15| Childhood Story

64K 5.2K 806
                                    












"Aku harus menyelesaikan apa yang aku mulai, Yu."

Entah mengapa, Dongyu memberang, rahangnya tergerus seolah menahan amarah. Tidak mengerti dengan jalan pemikiran Jiyeon. Mungkin akan lebih baik jika ia melemparkan busur anak panah untuk menyadarkan pemikiran sahabatnya ini.

"Yak! Kau belum puas ya merusak hidup Taehyung dulu? Ingatlah, kau pernah mengacaukan mimpi seseorang gara-gara cinta butamu itu."

Kedua manik Jiyeon mengkilat tajam seolah mampu membunuh Dongyu detik itu juga, terbukti telapak tangan dengan jam tangan putih itu menggebrak meja hinga minuman dalam gelas beriak, "Yang kau bicarakan itu kejam sekali. Kau itu temanku apa musuhku?!" jelas Jiyeon tidak terima dikatakan seperti itu.

"Aku kejam karena aku tidak ingin kau melakukan hal gila lebih jauh," ucap Dongyu penuh kesal, lebih kesal lagi lantaran wanita dengan rambut coklat ini seolah lebih berfokus pada ponsel di tangannya. Sungguh itu menyebalkan sekali.

Jiyeon menatap sinis, "Jangan-jangan kau menyukai Taehyung juga ya sampai seprotektif itu padanya."

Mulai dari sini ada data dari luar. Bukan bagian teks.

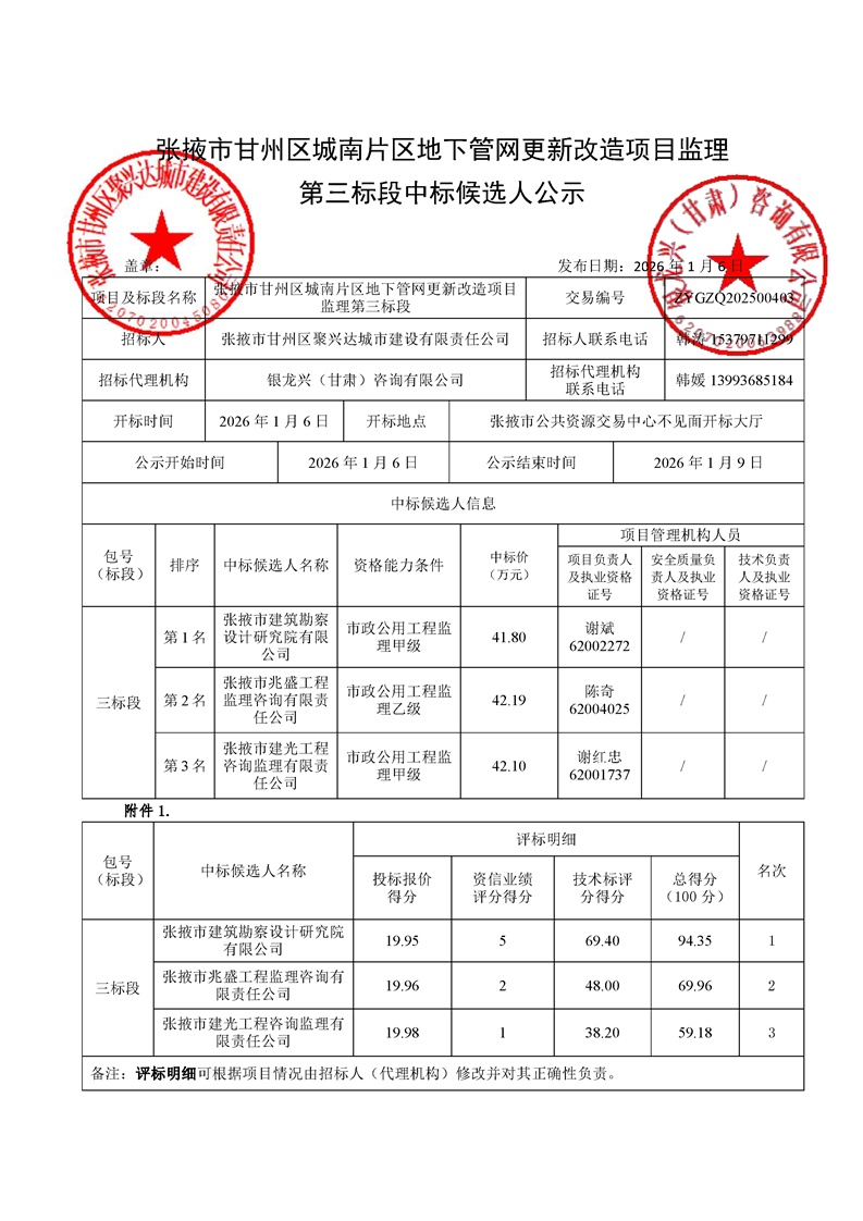[市本级]张掖市甘州区城南片区地下管网更新改造项目监理第三标段中标候选人公示交易结果公示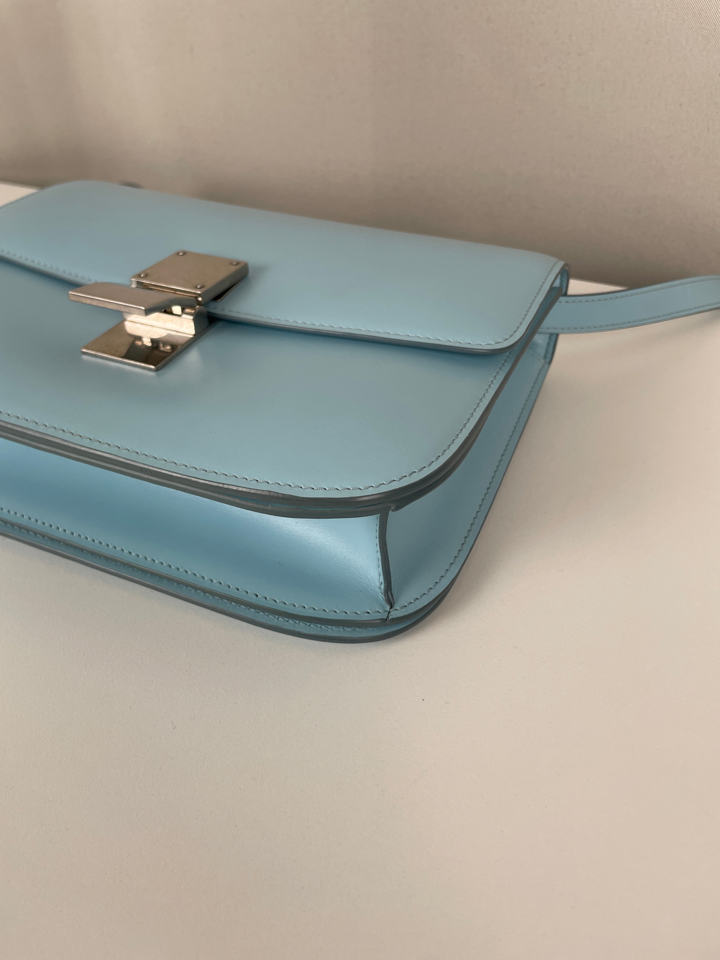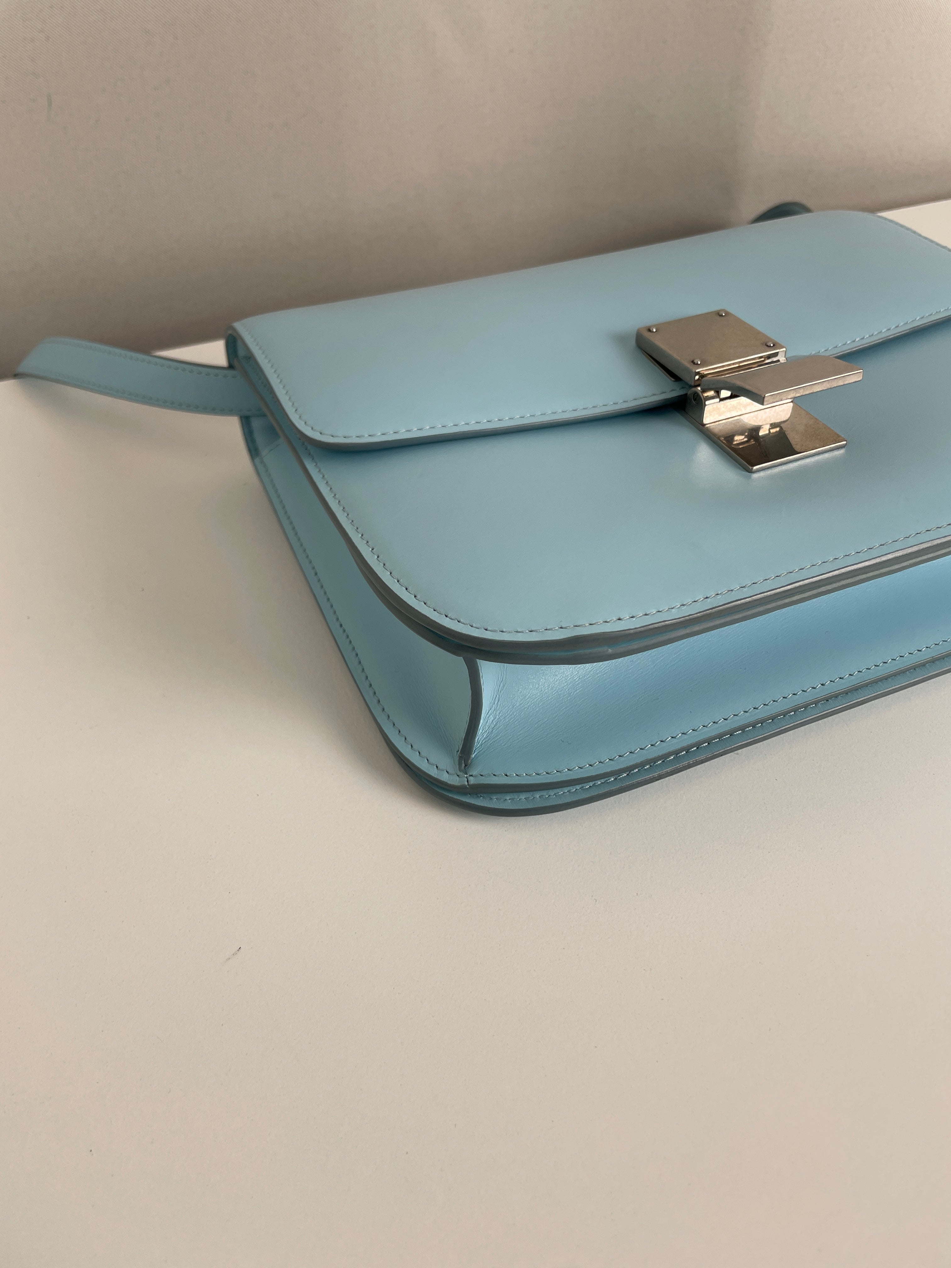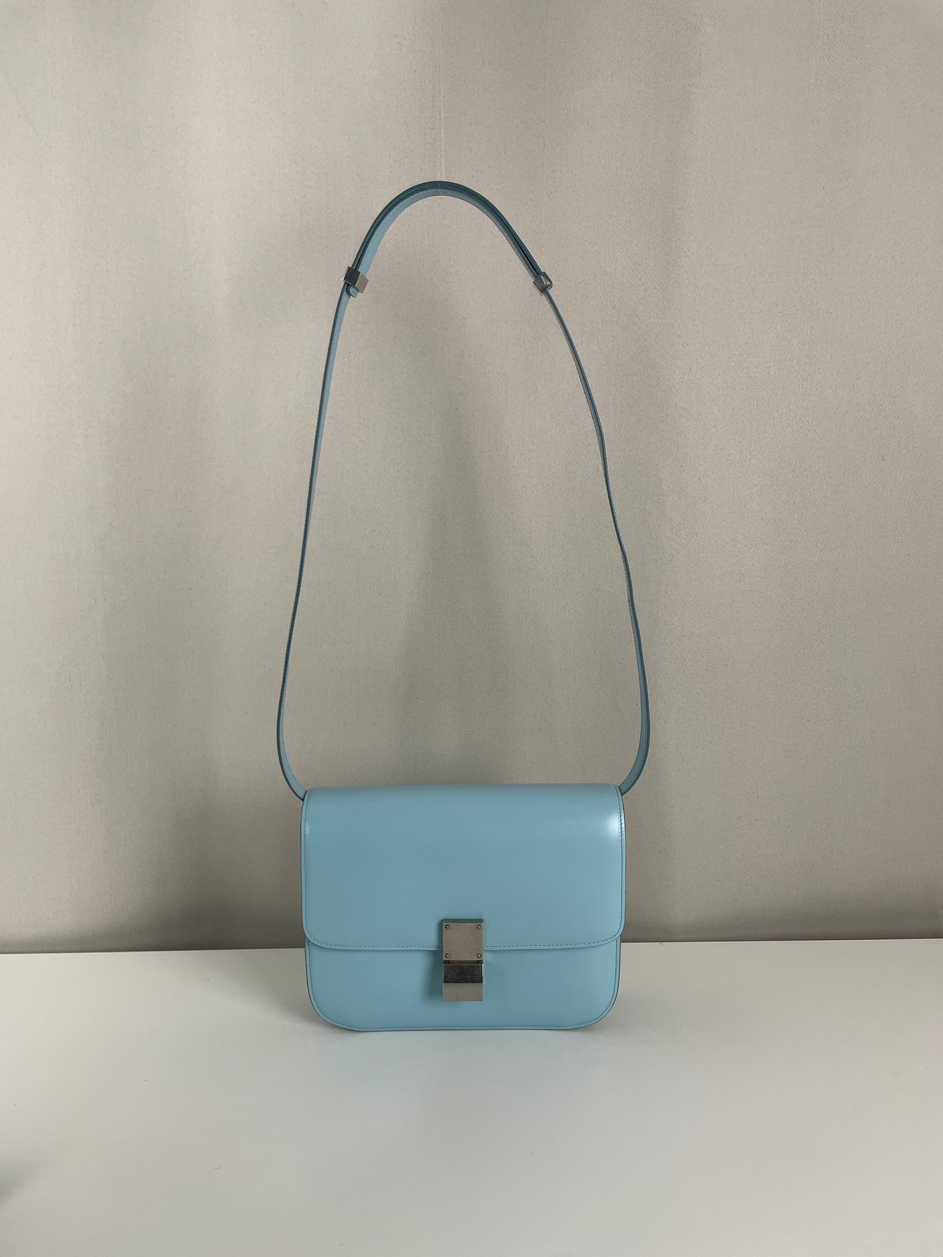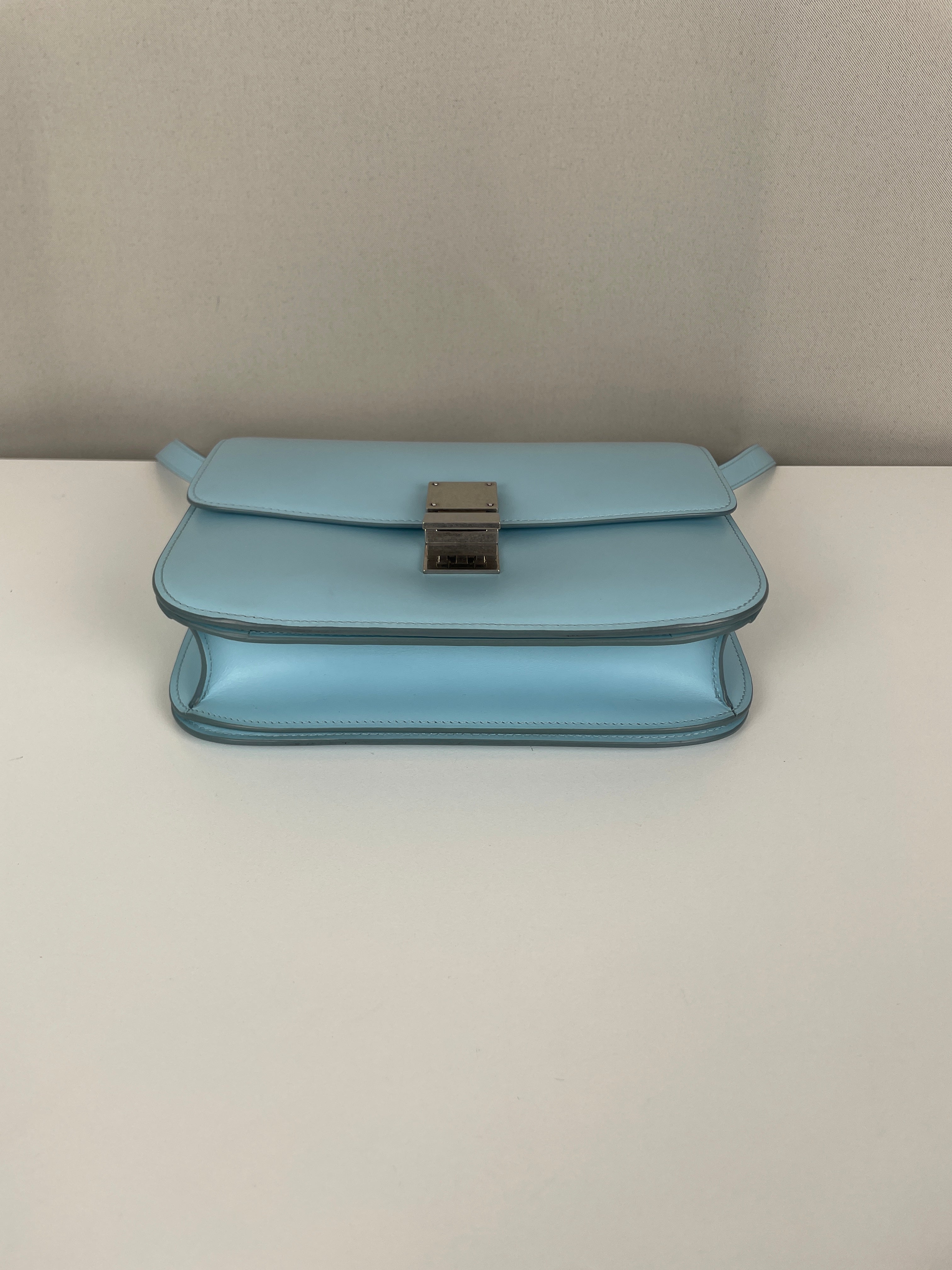 Cet sac Céline Box est en très bon état. Le cuir est en très bon état, on voit qu'il a déjà été porté (pas neuf mais top) mais reste super. Les coins sont en très bon état. La bijouterie présente quelques rayures. La bandoulière est en très bon état. L'intérieur est en très bon état.
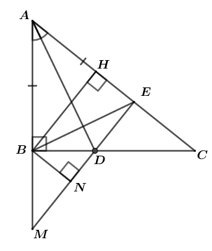 Cho \(\Delta ABC\) có \(\widehat B = 90^\circ \), \(AD\) là tia phân giác của \(\widehat {\rm{A}}\) (\(D \in BC\)). Trên tia \(AC\) lấy điểm E sao cho \(AB\, = \,AE\); kẻ \(BH \bot AC\)\(\left( {H \in AC} \right)\).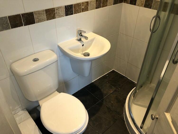 With modern suite comprising low flush w.c. wash hand basin and shower cubicle. Tiled walls and flooring.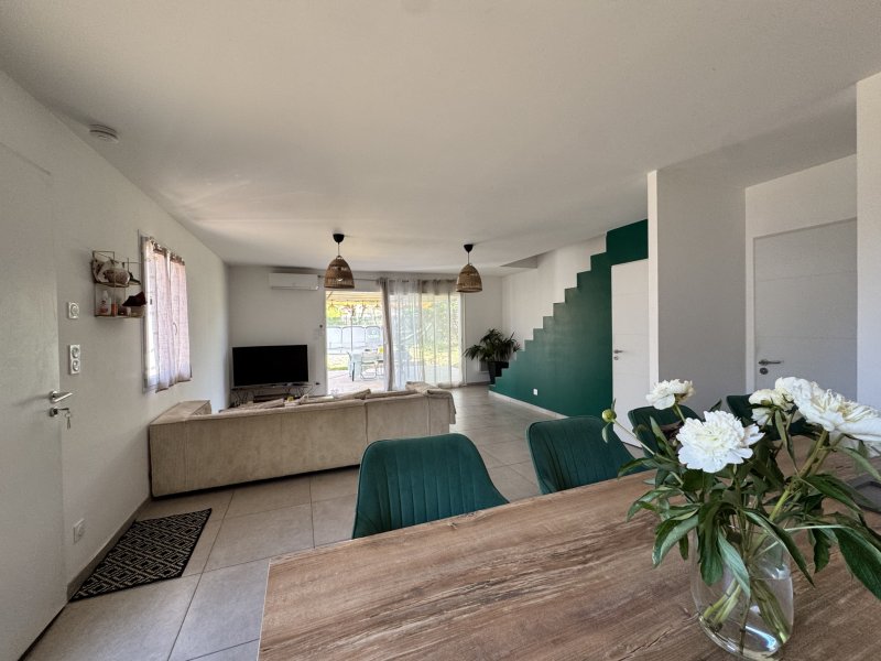 Venez découvrir cette coquette maison de 88 m2 construite en 2023 sur un terrain de 360 m2. Elle se compose au rez de chaussée d'une lumineuse pièce principale avec cuisine américaine, wc et cellier. A l'étage 3 chambres, salle de bains et wc. Piscine hors sol. Jolie terrasse ombragée. 3 places de parking. A voir !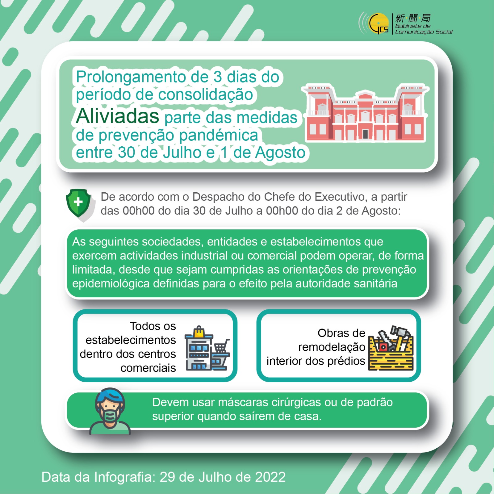 (Infografia) Prolongamento de 3 dias do período de consolidação - 30 de Julho a 1 de Agosto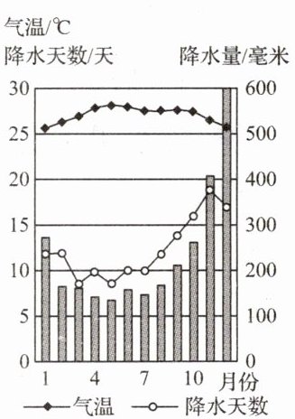 (1)东南亚全年鲜果不断,主要得益于当地优越的气候条件。右图为东南亚热带水果主产区的多年平均各月气温曲线与降水量柱状图,据图描述该气候的特征。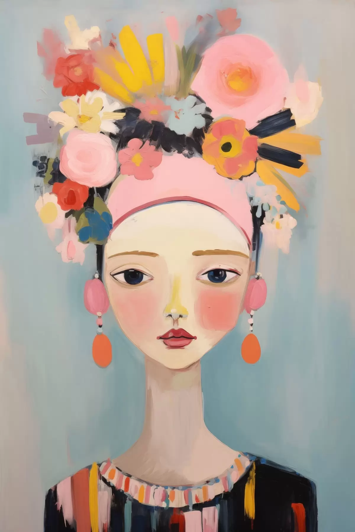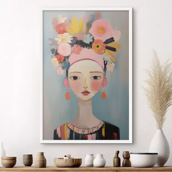 Poster Portretul unei femei cu flori în păr, în stil abstract Nr f48936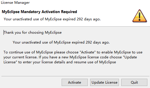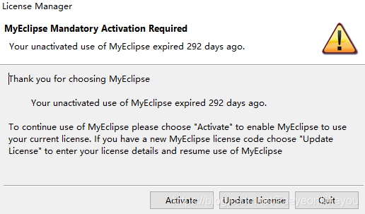 2. 解压完后打开myeclipse,发现它会弹出如下图所示的提示框,这是要你输入验证码,否则只能使用软件292天;

"Ap-" Helaan napas kasar tak mampu terbendung dari wajah Dongyu. Jangan salahkan jika sebentar lagi ada seonggok mayat wanita cantik yang tersedak tusuk gigi karena ulahnya. Tidak, tidak boleh seperti itu. Jiyeon hanya perlu di hadapkan dengan realita, bukan aksi percobaan pembunuhan berencana.

Sedangkan Jiyeon meletakkan ponselnya kembali. Mengamati wajah temannya sejak kecil ini dengan tatapan tak terartikan. Dihiasi sayup-sayup music jazz yang malah semakin tenggelam suaranya ketika Jiyeon mulai berucap serius.

"Jika aku mengatakan sesuatu, apakah kau akan mengijinkanku merusak rumah tangga Taehyung?"

Kedua manik Dongyu mencelik, seolah mampu menembus kacamata yang ia kenakan, "Apa?! Merusak?" dia berjeda dengan gelengan seribu persen tidak setuju, "Tidak, tidak. Kau benar-benar gila Ji."

"Aku tidak gila," jemari Jiyeon mendadak gusar, "Aku sakit."

Dua kata yang berhasil membawa pribadi berambut klimis itu bungkam penuh keterkejutan. Dongyu semakin menahan napas ketika bibir tipis Jiyeon berucap tidak masuk akal, "Waktu ku tidak banyak, dan satu-satunya penyembuh yang aku butuhkan hanya Taehyung."

-

-

-

Suasana mulai menghangat ketika matahari akhirnya bersemayam di ufuk barat, terganti oleh sorot rembulan kelewat sabit pada bentangan bintang-bintang. Mungkin ini yang sedikit berbeda dari Seoul. Seorin bisa mengayunkan dua kaki pada koridor samping rumah ketika duduk menengadah—menikmati malam tanpa hiruk pikuk perkotaan. Sedikit menoleh eksistensi pohon ginko cukup besar dengan satu ayunan usang tertaut pada salah satu ranting kokoh di sana. Mendadak dia bisa membayangkan bagaimana sosok Taehyung kecil bermain dan mengejar tonggeret ketika musim panas.

Bahkan senyumnya terulas tanpa ia sadari ketika presensi dalam balutan baju hampir mirip hanbok tetiba berada di sebelah tubuhnya, "Kau tidak kedinginan?" tanya sang Nenek dengan tatapan mata teduh.

Seorin sangat menyukai kehangatan kharisma Nenek Taehyung. Dia sempat bepikir dari sinilah aura mengagumkan sang suami berasal, menurun dari sang Nenek.

"Tidak Nek, jaket Taehyung cukup tebal untuk aku kenakan."

Pasti senang sekali seandainya Taehyung mendengar Seorin tidak memanggilnya dengan sebutan 'Kim'. Ketika Seorin menyebut nama Taehyung memang terasa spesial, atau mungkin akan ia lakukan pada orang tertentu atau acara penting. Hmm, dan juga nama itu hanya mengudara dari bibir merahnya ketika keduanya melalang buana di atas ranjang menuju awang-awang. Walaupun sebutan Kim terasa lebih indah ungkapan sayangnya. Rasa sayang sehari-hari.